La biennale fait vraiment sens dans mon parcours professionnel. C'est lors de l'édition de 1998 que nous dévoilons avec Nadine Cahen notre association - coloriste/designer - sur des questionnements liés aux traitements des surfaces et à l'aspect des matériaux.

Cette première biennale nous a permis d'initier une riche collaboration avec Print, marque italienne de stratifié. En 1998, ils sponsorisent et produisent Landslide, notre collection de motifs et de meubles en stratifié à impression numérique. En 2000, le stand est plus important et cette fois, c'est Print France qui s'expose à travers nos créations pour présenter sa technique numérique. En 2004, la société sponsorise un espace complet, le point de rencontre de la biennale : sur 50 m2, nous concevons un mobilier stratifié qui permet d'immerger le visiteur dans un environnement graphique inédit et surprenant : le même stratifié vu au microscope électronique. En 2006, nous sommes commissaires d'exposition et scénographes pour la maison mère italienne Abet Laminati en réalisant la première rétrospective de toutes leurs collaborations avec les designers.

C. B : En parlant justement des biennales successives, quel regard avez-vous sur cette évolution de l'événement ?

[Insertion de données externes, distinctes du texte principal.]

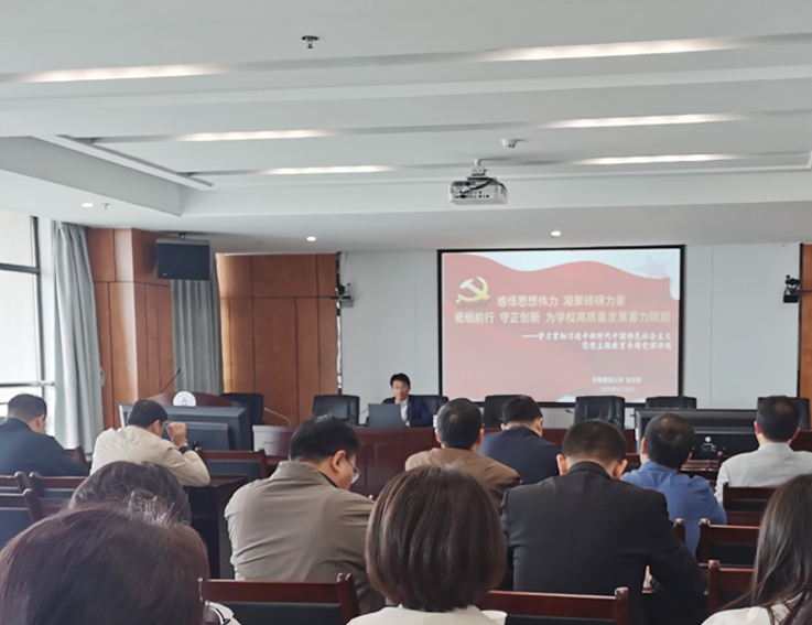 张亚新从“思想的伟力”“开展主题教育的时代意义、总要求、根本任务”“习近平新时代中国特色社会主义思想的丰富内涵”“习近平总书记关于教育的重要论述”“为学校赓续发展新征程蓄力赋能”五个方面进行全面深刻阐释,引导师生党员坚决贯彻落实党中央和省委部署要求,站在坚定拥护“两个确立”、坚决做到“两个维护”的政治高度,深入开展学习贯彻习近平新时代中国特色社会主义思想主题教育,认真学习贯彻习近平总书记关于教育工作的重要论述,将主题教育“学思想、强党性、重实践、建新功”的总要求,落实在努力开创学校高质量发展新局面的各项工作中。
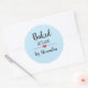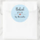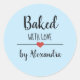 Baked with love light blue script name classic round sticker
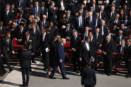 Ο Τραμπ έκανε την εμφάνισή του στην πλατεία του Αγίου Πέτρου το πρωί του Σαββάτου, συνοδευόμενος από τη Μελάνια – και κάθησε σε απόσταση δέκα ατόμων από τον ουκρανό ομόλογό του, Βολοντίμιρ Ζελένσκι (νωρίτερα πάντως τον είχε συναντήσει).
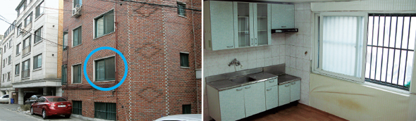 서울 송파동에서 본 보증금 1억1천만원짜리 전셋집(원 안)과 집 내부의 주방 겸 거실.한겨레21 최성진
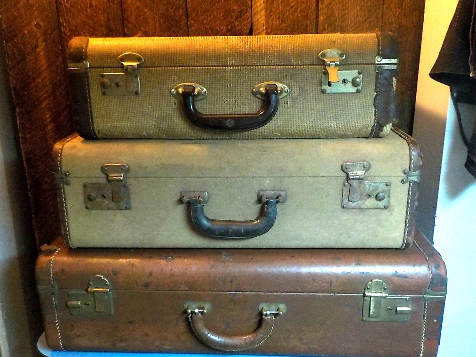 Title (ebay affiliate link): Antique Old Suitcases Flat Top Hardcase Wood Leather Bakelite Browns 3 sizes
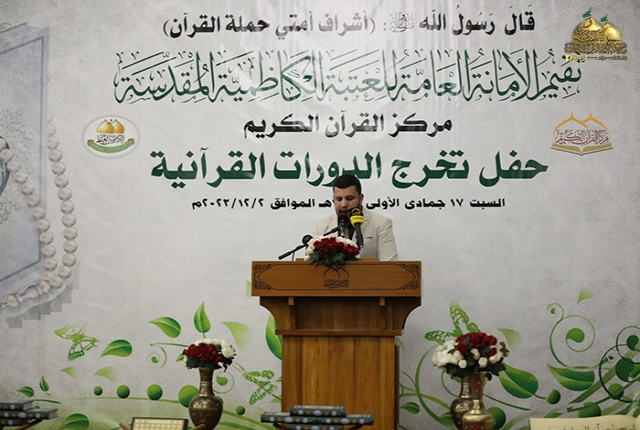 أعقبتها كلمة مركز القرآن الكريم وألقاها مدير وحدة التعليم القرآني والنشاط العلمي الأستاذ فراس الطائي بين خلالها قائلاً: (نلتقي اليوم على حُب كتاب الله الذي أُنزل على خير البشر، إذ تشرفنا في الأيام الماضية باحتضان ما يُقارب مئتي طالب من أولادنا وإخواننا، وكذلك بناتنا وأخواتنا ممن سعوا وجدّوا واجتهدوا في استكمال مناهجهم القرآنية المتخصصة في القراءة الصحيحة وأحكام التلاوة، وقواعد التجويد، والقراءة التحقيقية والإجازات العلمية، والتفسير وعلوم القرآن، فضلاً عن القراءة التطويرية، والنغم والمقامات بطريقتي الترتيل والتجويد (حضورياً وإلكترونياً) كما شارك في هذه الدورات كوكبة من طلبة الجامعات..
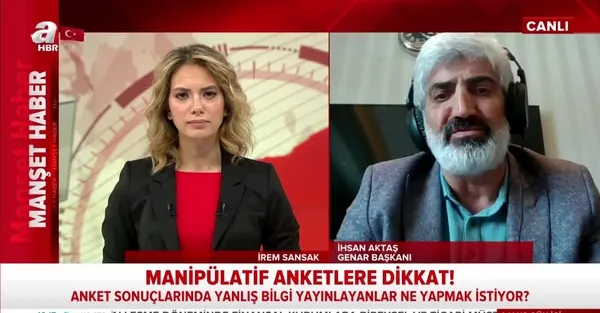 Son anketler olarak paylaşılan verilerle ilgili GENAR Başkanı İhsan Aktaş A Haber canlı yayınında değerlendirmede yaptı. Aktaş, manipülatif anketlere dikkat çekti ve bunu yapanlara tepki gösterdi.
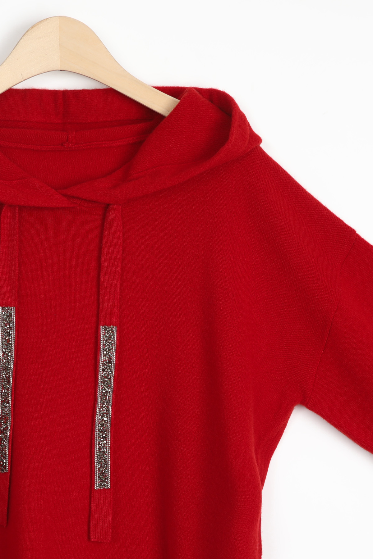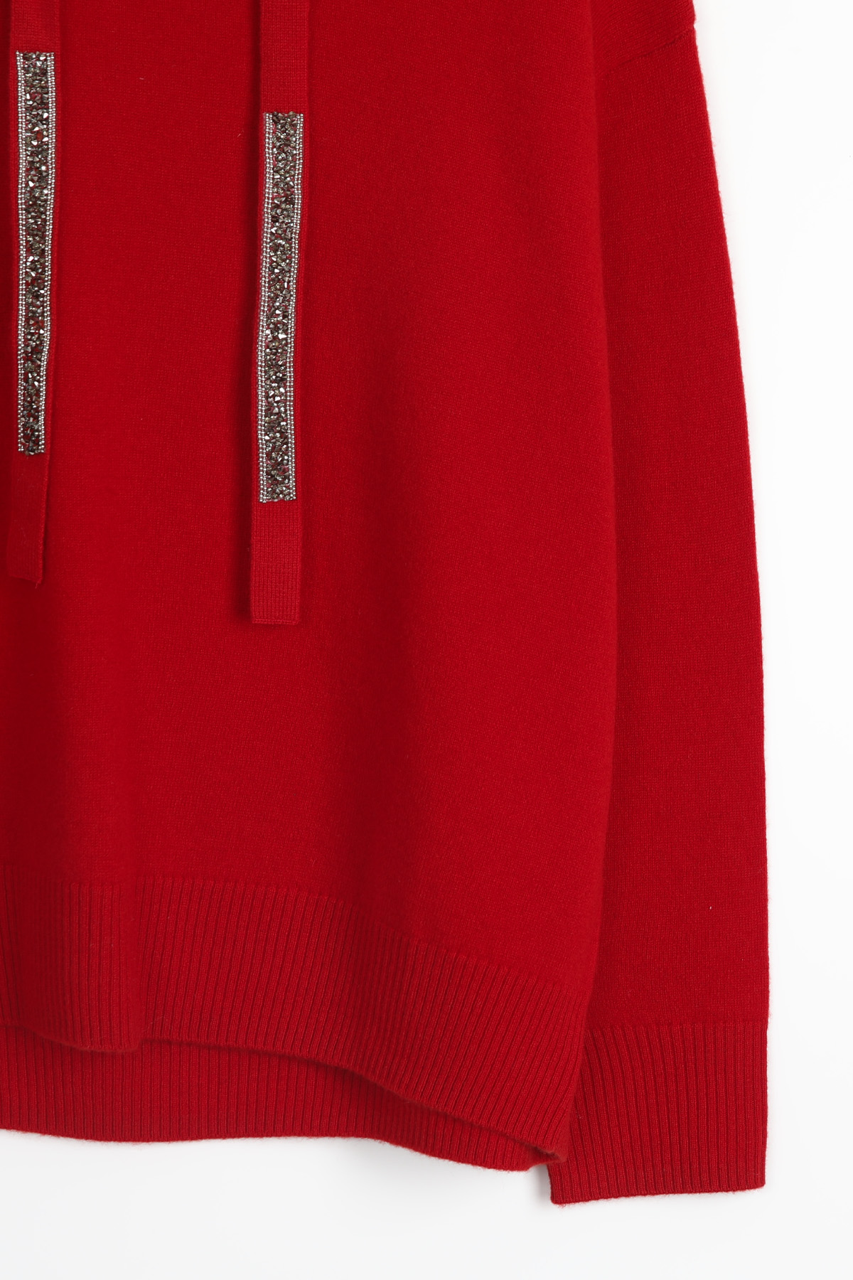 비비드한 컬러감이 매력적이면서두상을 따뜻하게 덮어주는 후드 디테일로블링블링 반짝이는 비즈 트리밍이시선을 사로 잡는 후드 니트탑 소개해드려요

L. G : Les premières éditions sont très festives. C'est un peu comme un mondial de football ou de rugby, toute modestie mise à part évidemment. Il y a la dimension internationale du design avec l'ouverture vers des horizons très divers. Pour autant, nous nous retrouvions tous autour de cette conception du design, que l'on vienne de Bamako ou de Montréal. Les premières biennales montrent le design du quotidien. Ce qu'il faut également noter, c'est que la biennale est un événement très lourd à gérer, que les étudiants via l'école en sont durant les premières années, la véritable cheville ouvrière. Sans eux la biennale ne peut pas se faire. Nous les retrouvons dans les workshops mais aussi dans le montage des stands, dans la confection du catalogue via Azimuts etc. Ils ont véritablement les mains dans le cambouis. En tant qu'enseignants, nous nous interrogions quelquefois sur le bienfait pédagogique d'un tel engagement, mais dans le même temps et pour la plupart, ils étaient très heureux de participer à cet événement. Très impliqués.

L'évolution de la biennale est nécessaire et elle se fait de manière progressive bien avant que la Cité du design la prenne en charge. En 1998, nous avions une gigantesque exposition internationale, ou chacun est regroupé par pays avec au milieu de tout ça, quelques micro-expositions issues des workshops avec les étudiants. Cette idée d'une grande exposition internationale est gardée durant les premières éditions, mais va émerger alors d'autres expositions plus conséquentes, dont le propos est plus précis, recentré et maîtrisé. Au fur et à mesure des éditions, la part de l'international diminue pour devenir finalement une exposition parmi d'autres. À partir de 2006, l'organisation de la biennale est transférée à la Cité du design et l'évolution continue.